Wednesday 20 October 2010

...The Youth Hit The Town


All young Fensiders hope some day to try and breed with a non-fensider. In order to do this, many of the young Fensiders head into the town centre to attempt to spread their seed.

No normal person willingly has sex with a Fensider, so they have to make sure that their chosen victim is thoroughly addled by cheap alcohol or some shit drugs. If that doesn't work then they will punch the victim in the head until they are unable to think like a 'normal'.

The 'normal' human body usually rejects Fensider sperm, causing the victim to vomit violently. If you have ever been intoxicated and vomited afterwards, it is likely that you have been unknowingly fucked by a Fensider. Unfortunately Fensiders are incredibly fertile, and most victims become instantly pregnant... including the men.

If a Fensider should fail to impregnate a normal person they will go home and resort to 'the old faithful'. This will usually be a close member of their family or someone else on the estate. However, everyone on the Fenside estate is closely related. When people talk about "keeping it in the family", they are usually talking about Fensider's penises.

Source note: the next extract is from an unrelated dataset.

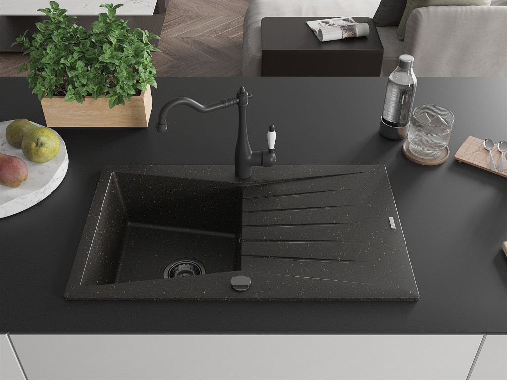 Speciální složení materiálu použitého pro výrobu je žula (80% žula – kámen, 20% pryskyřice) a jeho vysoká hustota garantuje bezpečné používání výrobku, a proto jsou granitové dřezy tak oblíbené. Díky povrchové úpravě nejsou na granitovém dřezu vidět zaschlé kapky, je odolný vůči skvrnám a neztrácí barvu. Povrch je odolný vůči nárazu, poškrábání, změně barvy, vysoké teplotě a teplotním šokům. Při jejich údržbě se používají obvyklé čistící, prostředky nebo prostředky na nádobí s jemným abrasivem. Výhodou je rozmanitá barevná nabídka.

Have you ever wondered why you see Fenside kids playing out in the street late at night? The reason is they are staying outside to avoid being fucked by a member of their family. FACT!

Monday 18 October 2010

...People Enjoy The Garden


Many people these days see the garden as another room of the house. People are spending much more time doing things in their gardens. The people of Fenside are no exception to this. In fact, Fensiders treat their garden so much like a room of the house that they move their furniture into it.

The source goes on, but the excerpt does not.